A device for placing sheets on a stack is known from U.S. Pat. No. 5,518,230. There, on a rotating drivable sheet stack disk, which has two slits as sheet holders, arranged diametrically opposite one another, a sensor of a stack level sensor is coordinated with the rotating position of the sheet stack disk, mechanically controlled by an eccentric plate, in order to lift the sensor from the stack, automatically and mechanically controlled, for the release of stack, so as to place the next sheet on the stack. The sheet conveyor, known from the cited prior art, has two slits, diametrically opposed to one another, to accept the front edges of the sheets, so that already, the sheet conveyor is ready, in principle, once more, to take up the next sheet, while it places a preceding sheet.
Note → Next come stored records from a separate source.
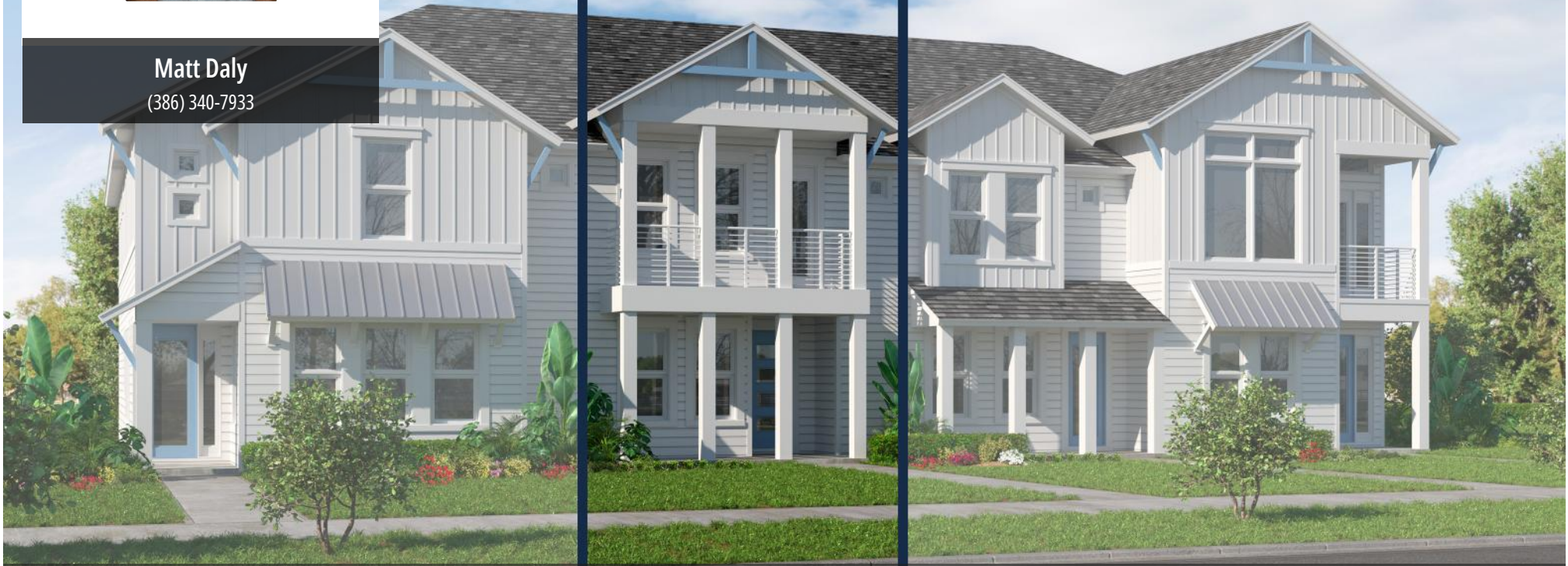
THE CASTILLO - C at NOCATEE
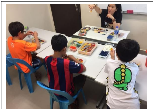
The volunteer working with our boys on an activity in building K'Nex model kits
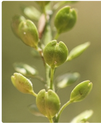
Seed cases. Photographer Bart Wursten, Zimbabwe
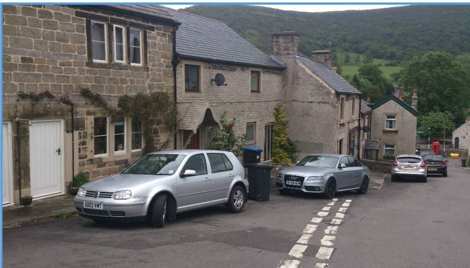
North side of Yard Head, Bradwell
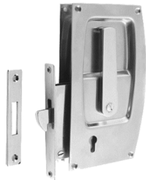
Entry set #18.3448 With skeleton keys (2X) Minimum Door thickness 25 mm or 1 inch

R & C SWINGING DOOR LOCKS SEE PAGE I-13-C-B:
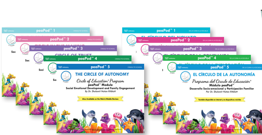
5 PEAPOD THEMATIC UNITS
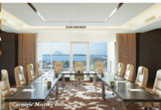
Carnegie Meeting Room
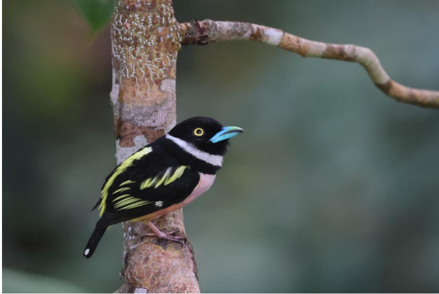
Black and Yellow Broadbill
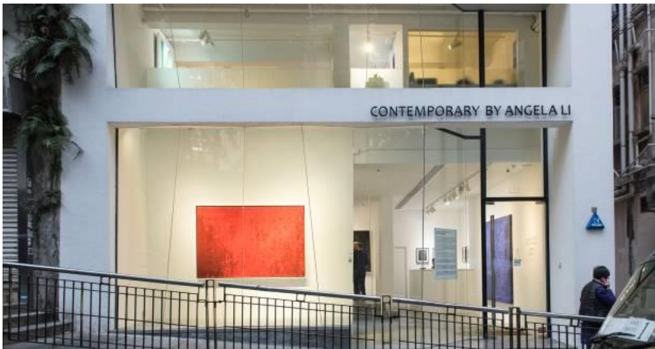
Gallery Exterior, Contemporary by Angela Li
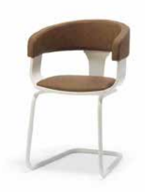
917 MALI Lacquered shell, padded with ecoleather.
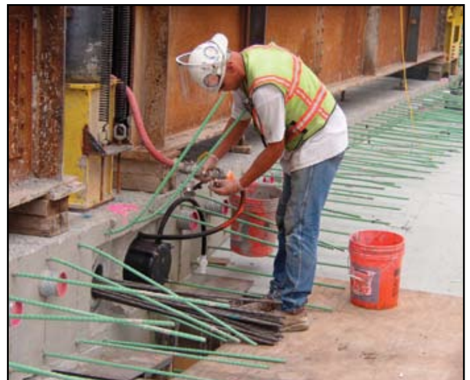
Bonded multi-strand grouting.

Tendons placed in the formwork prior to pouring the concrete are known as internal tendons. Most post-tensioning applications use internal tendons. In external applications, tendons are installed outside of the structural member. The system consists of prestressing steel, mechanical end anchorage devices and a corrosion protection system. External systems are generally installed in

In reality, this applies, however, only if the sheets to be taken over have a suitable format. A sheet is namely passed on to the conveyor, preferably by transport rollers on the end of a transport path for stock. A good placement of the sheet is attained, in particular, if the transport rollers release the back edge of the sheet just as the front edge of the sheet reaches a stop on a release site, because then the sheet is pliantly placed on a sheet stack. This means that the sheet should have a length with which it wraps around the sheet conveyor by just approximately half, that is, corresponding to approximately half the circumference of the jacket surface of the sheet conveyor. This is, by no means, always the case, however. Longer or shorter formats are also transported. Anyway, heavier and stiffer stock, for example, cannot be bent very much, free of damage, so that as a precaution with respect to such stock, the radius of the sheet conveyor is selected larger, rather, than would be suitable perhaps for the length of the sheet format. On the other hand, however, a uniform flow of sheets, if possible, should be transported for the utilization of the device, in which there will not arise an excessively large gap between successive sheets. However, successive sheets should not overlap either.
Thus, it may be that the free slit, which should carry out the next takeover, could be ready either too early or too late, depending on the situation. In view of the described situation, this problem would not be solved either by equipping the sheet conveyor with a larger number of slits (or with otherwise jaw-like holders).